_Work instructions_. Stop after the line that contains "Nordhastedt Raststaette Futterkrippe". Until then, retype each line of the entries exactly from the first one, skipping pictures.

Data entries
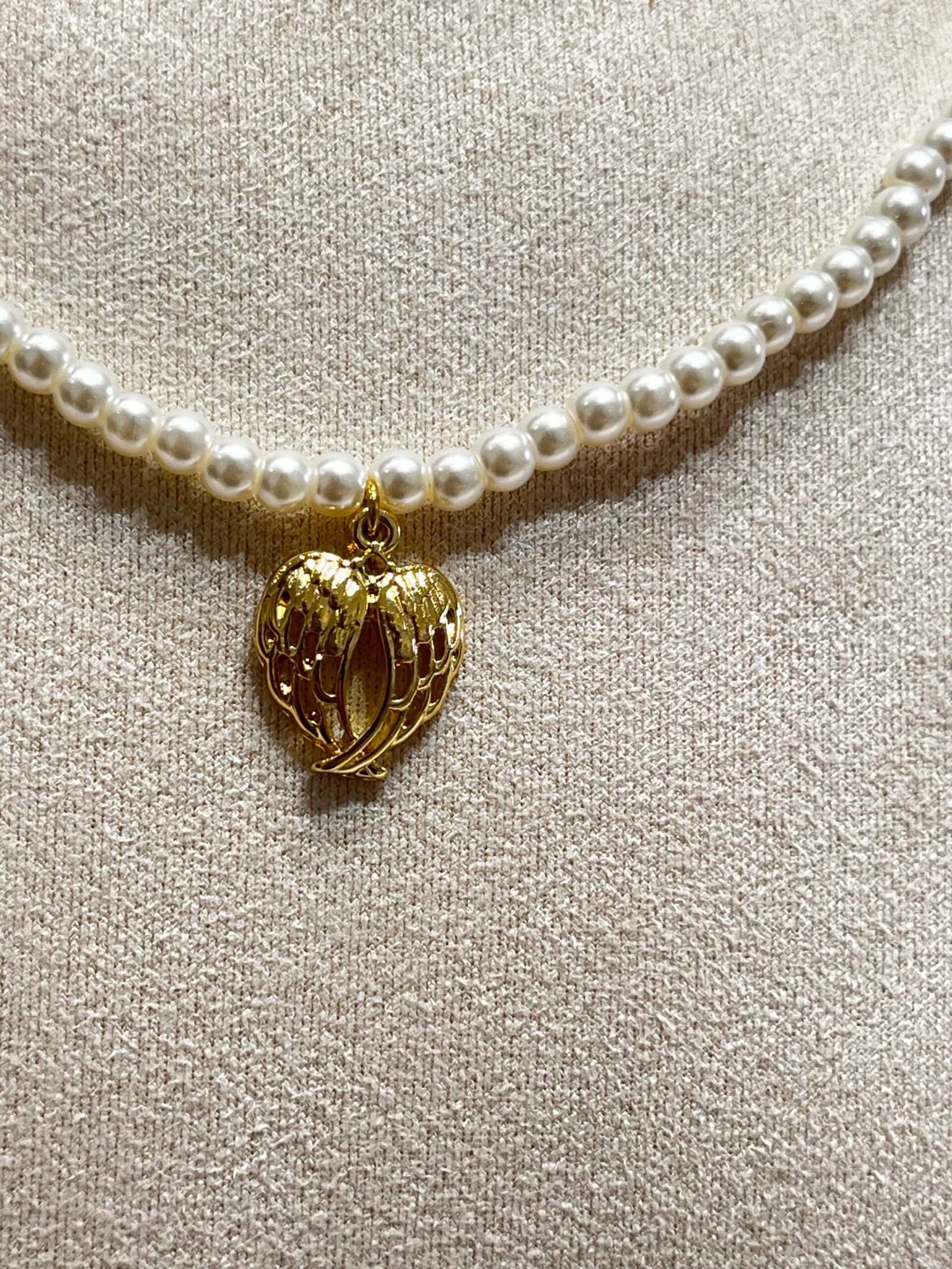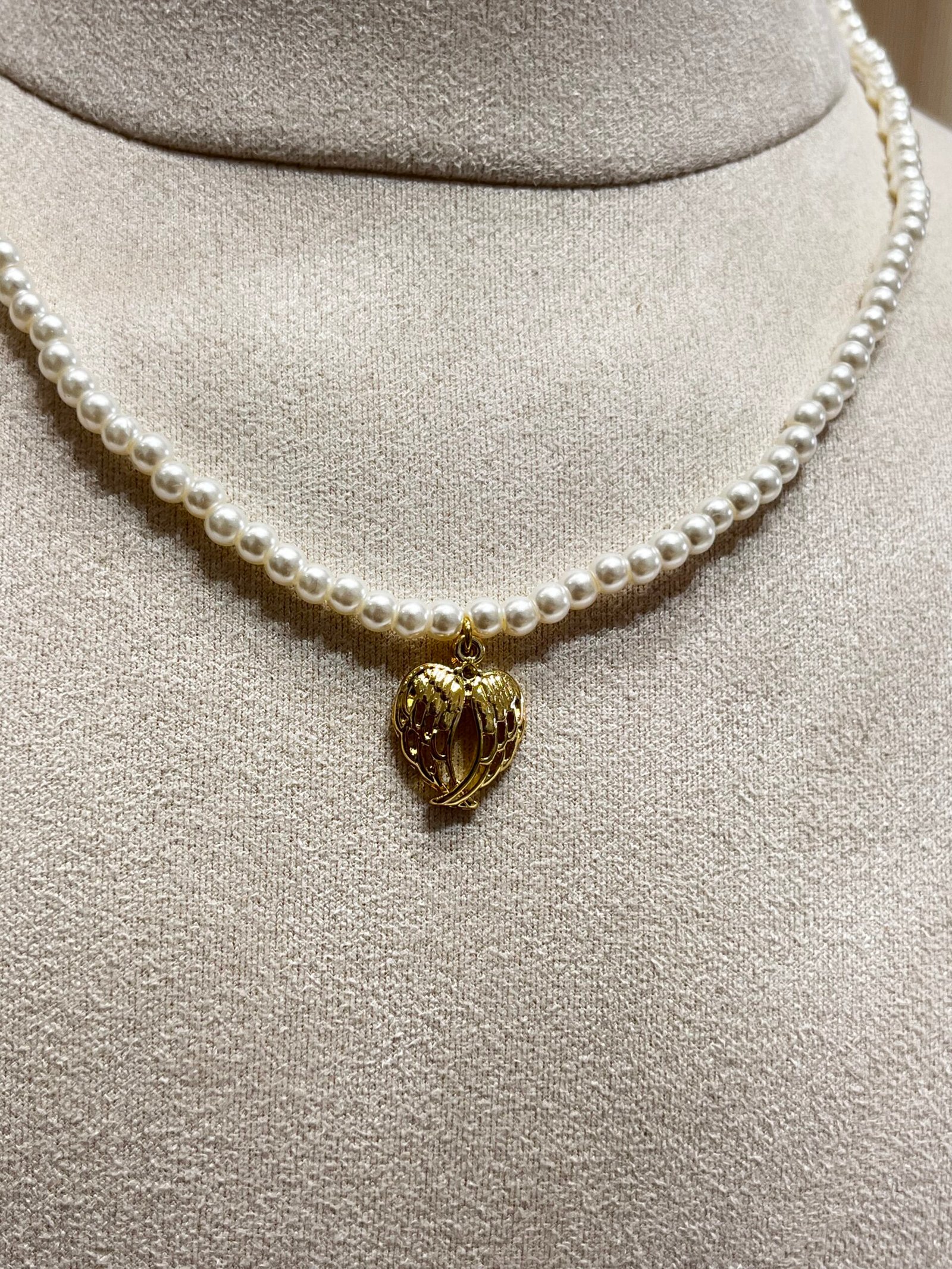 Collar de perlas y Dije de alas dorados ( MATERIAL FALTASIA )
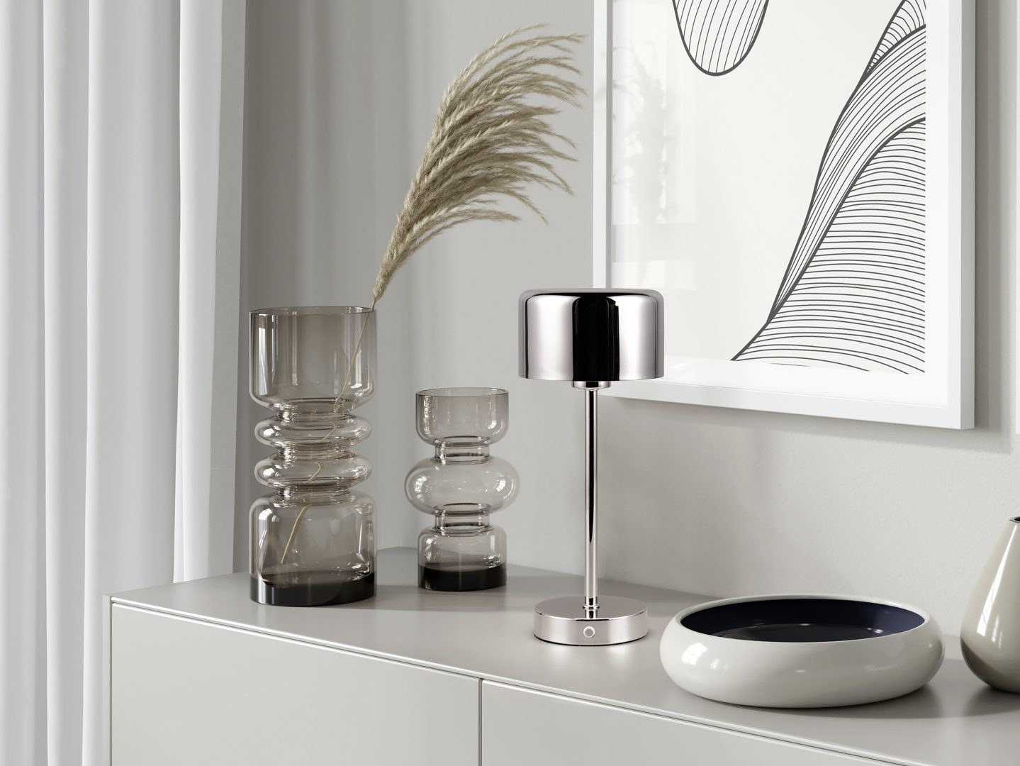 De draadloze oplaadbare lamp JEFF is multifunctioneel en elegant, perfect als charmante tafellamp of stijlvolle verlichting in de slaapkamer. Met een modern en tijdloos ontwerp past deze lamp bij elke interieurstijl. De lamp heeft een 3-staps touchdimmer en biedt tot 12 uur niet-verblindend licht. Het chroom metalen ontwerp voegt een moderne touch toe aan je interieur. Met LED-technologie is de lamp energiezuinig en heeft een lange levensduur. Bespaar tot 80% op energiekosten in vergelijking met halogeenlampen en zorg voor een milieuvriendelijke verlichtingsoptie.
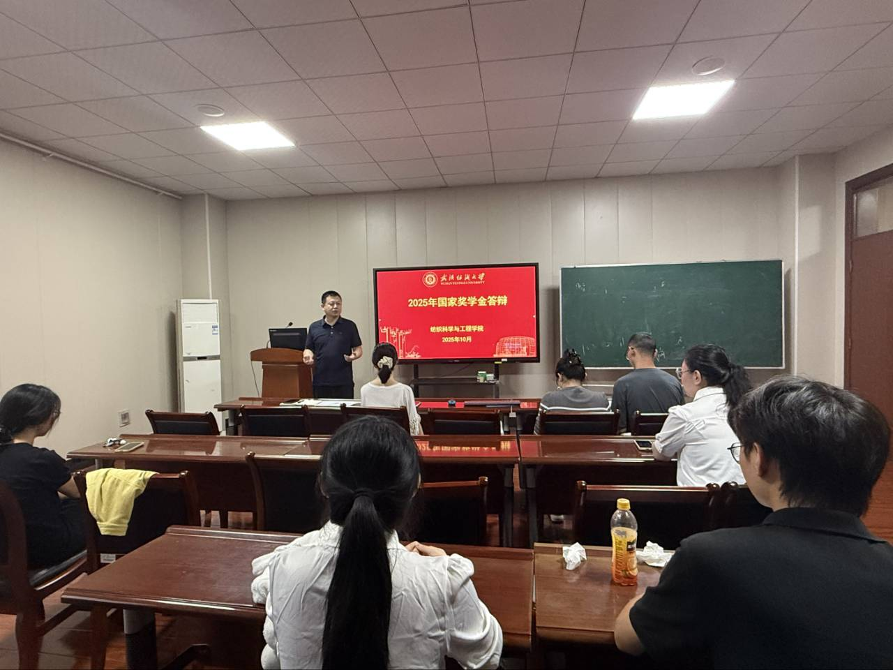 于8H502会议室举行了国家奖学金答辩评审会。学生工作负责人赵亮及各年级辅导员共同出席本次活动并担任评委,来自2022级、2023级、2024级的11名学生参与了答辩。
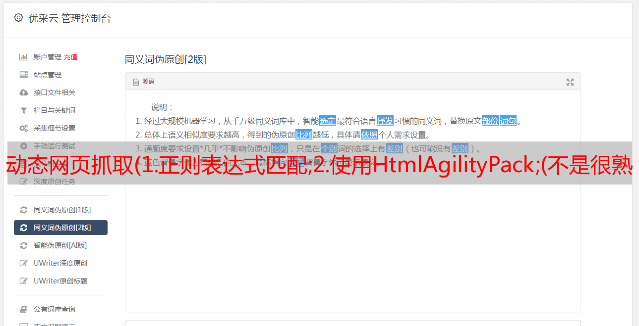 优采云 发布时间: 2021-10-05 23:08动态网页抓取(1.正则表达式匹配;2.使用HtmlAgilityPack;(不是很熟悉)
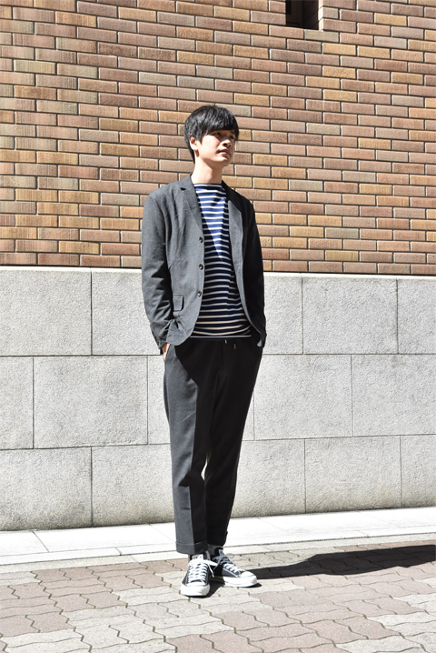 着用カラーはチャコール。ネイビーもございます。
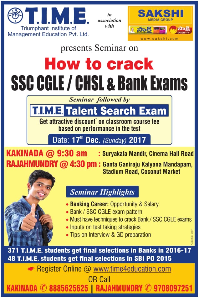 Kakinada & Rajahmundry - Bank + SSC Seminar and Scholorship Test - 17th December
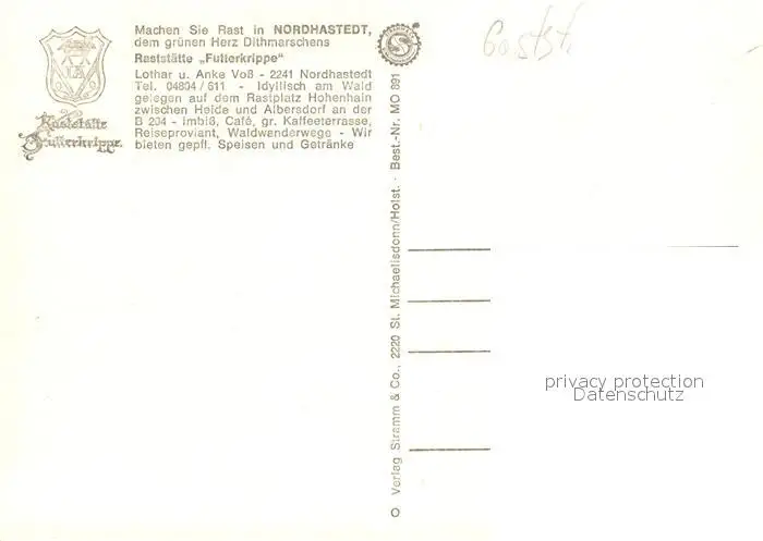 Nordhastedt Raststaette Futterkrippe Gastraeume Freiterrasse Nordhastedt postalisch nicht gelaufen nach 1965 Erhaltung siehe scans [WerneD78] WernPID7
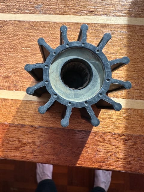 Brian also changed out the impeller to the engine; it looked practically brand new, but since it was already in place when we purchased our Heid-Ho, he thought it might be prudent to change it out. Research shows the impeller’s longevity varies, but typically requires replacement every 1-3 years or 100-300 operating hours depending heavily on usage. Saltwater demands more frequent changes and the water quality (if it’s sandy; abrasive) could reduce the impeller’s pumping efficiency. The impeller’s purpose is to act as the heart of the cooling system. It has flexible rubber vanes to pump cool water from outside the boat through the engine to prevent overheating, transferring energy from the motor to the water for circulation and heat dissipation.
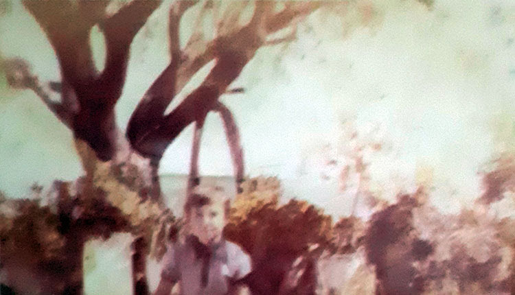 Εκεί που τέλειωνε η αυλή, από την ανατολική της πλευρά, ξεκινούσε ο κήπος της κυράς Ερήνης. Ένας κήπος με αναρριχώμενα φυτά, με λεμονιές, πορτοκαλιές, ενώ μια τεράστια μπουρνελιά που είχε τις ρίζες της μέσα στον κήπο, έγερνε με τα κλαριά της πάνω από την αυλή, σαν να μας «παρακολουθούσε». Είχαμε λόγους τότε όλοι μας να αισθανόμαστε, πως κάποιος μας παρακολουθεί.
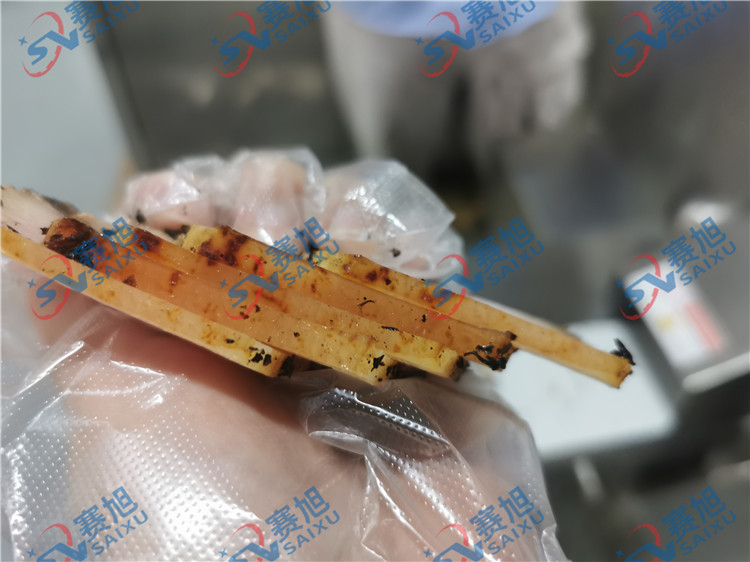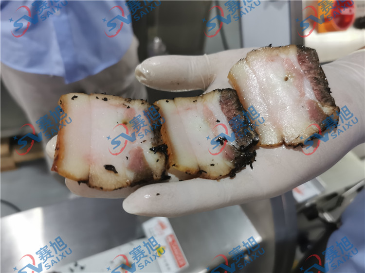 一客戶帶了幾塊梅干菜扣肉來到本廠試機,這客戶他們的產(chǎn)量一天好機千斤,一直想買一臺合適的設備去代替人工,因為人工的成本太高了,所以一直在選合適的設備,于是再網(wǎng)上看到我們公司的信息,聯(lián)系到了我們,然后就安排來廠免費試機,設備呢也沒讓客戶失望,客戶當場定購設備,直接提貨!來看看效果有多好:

_Problem solution_.
 Collar de perlas y Dije de alas dorados ( MATERIAL FALTASIA )
 De draadloze oplaadbare lamp JEFF is multifunctioneel en elegant, perfect als charmante tafellamp of stijlvolle verlichting in de slaapkamer. Met een modern en tijdloos ontwerp past deze lamp bij elke interieurstijl. De lamp heeft een 3-staps touchdimmer en biedt tot 12 uur niet-verblindend licht. Het chroom metalen ontwerp voegt een moderne touch toe aan je interieur. Met LED-technologie is de lamp energiezuinig en heeft een lange levensduur. Bespaar tot 80% op energiekosten in vergelijking met halogeenlampen en zorg voor een milieuvriendelijke verlichtingsoptie.
 于8H502会议室举行了国家奖学金答辩评审会。学生工作负责人赵亮及各年级辅导员共同出席本次活动并担任评委,来自2022级、2023级、2024级的11名学生参与了答辩。
 优采云 发布时间: 2021-10-05 23:08动态网页抓取(1.正则表达式匹配;2.使用HtmlAgilityPack;(不是很熟悉)
 着用カラーはチャコール。ネイビーもございます。
 Kakinada & Rajahmundry - Bank + SSC Seminar and Scholorship Test - 17th December
 Nordhastedt Raststaette Futterkrippe Gastraeume Freiterrasse Nordhastedt postalisch nicht gelaufen nach 1965 Erhaltung siehe scans [WerneD78] WernPID7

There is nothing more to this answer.